Après une scène d'introduction (dans tous les sens du terme...) franchement malsaine et traumatisante (magnifiée par une poignante partition de Steven Scott SMALLEY), Delirium verse dans la comédie noire mâtinée de thriller surnaturel, et s'autorise de jolis délires, tant au niveau des dialogues, particulièrement savoureux, que de la mise en scène, où les plans joyeusement tarabiscotés se multiplient pour le plus grand plaisir du cinéphile cintré.
L'un des grands atouts du film est évidemment son casting, particulièrement inspiré et investi dans l'hystérie ambiante. Malcolm McDOWELL jubile du premier au dernier plan (et même au-delà ! allez jusqu'au bout du générique de fin !), et semble totalement régénéré par ce rôle qui correspond si bien à son talent particulier de cabotin conscient de ses excès. Le grand Geoffrey LEWIS trouve là son meilleur rôle et livre une performance impressionnante d'humour distancié et de maîtrise du moindre effet. La confrontation de ces deux comédiens d'exception, trop souvent sous-employés, est un bonheur de chaque instant. Ils nous offrent un duo mémorable et toujours surprenant, pétri de complicité, de finesse, et de respect mutuel : du très grand art...
Dans la passionnante interview croisée de McDOWELL et de WINKLER que "L'Ecran fantastique" publia lors de la sortie du film, WINKLER présentait Disturbed comme "un thriller psychologique débridé, dont l'intrigue permettait des changements de tons abrupts, des expériences bizarres et inédites en matière de mise en scène et d'interprétation." Le moins que l'on puisse dire est que le film tient les promesses de son auteur.
McDOWELL n'hésitait pas à déclarer que : "ce qui va se passer, c'est que [Disturbed] va être découvert lors de son passage sur le câble et que les gens l'apprécieront, qu'ils en parleront mais à un niveau très underground, un peu comme un film culte." Ce qui, 21 ans plus tard, ne s'est toujours pas vérifié -- cent fois hélas !...
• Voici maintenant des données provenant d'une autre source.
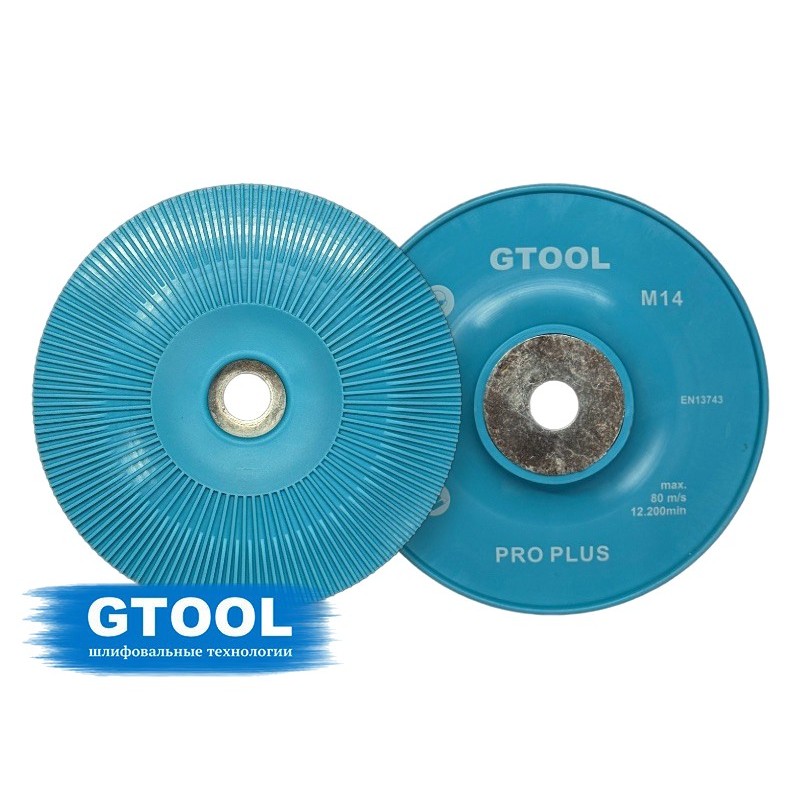 Оправка под фибровый круг d125мм GTOOL PRO PLUS (T) — где буква «T» означает что тарелка имеет высокую твердость. Данная опорная тарелка — специально разработанное изделие из высокотемпературного нейлона (HTPA).

Durant le tournage, une grande place fut accordée à l'improvisation. Avec des professionnels aussi doués que McDOWELL, LEWIS, et l'excellente Priscilla POINTER (remarquable en émule de Miss Ratched), on peut dire que WINKLER fut avisé de laisser la bride sur le cou de ses interprètes... Cette latitude créative donne lieu à des moments particulièrement jouissifs, comme dans l'extrait que vous trouverez ci-après en vidéo, et que McDOWELL commente ainsi : "Il y a une scène où j'anime une thérapie de groupe, et à un moment je fais un très vif mouvement pour croiser mes jambes. Ce seul mouvement dit tout dans la séquence. J'avais vu Laurence OLIVIER faire ça une fois, j'étais assis assez loin de la scène. Il était formidable, le rôle était très difficile, très pesant et d'un seul coup, au milieu d'une tirade dramatique, il a croisé les jambes d'une manière très nerveuse, et toute la salle a applaudi ! C'était très sournois de sa part, car ce n'était pas du tout dans le ton de la pièce mais c'était une manière de dire : 'Regardez comme j'ai de bonnes idées pour interpréter mes personnages'. J'étais très jeune et cela m'a beaucoup marqué, je m'en suis toujours souvenu en me faisant la promesse d'utiliser un jour cet artifice pour l'un de mes rôles. Cela m'est revenu pour cette scène particulière de Disturbed, et cela colle très bien à l'atmosphère."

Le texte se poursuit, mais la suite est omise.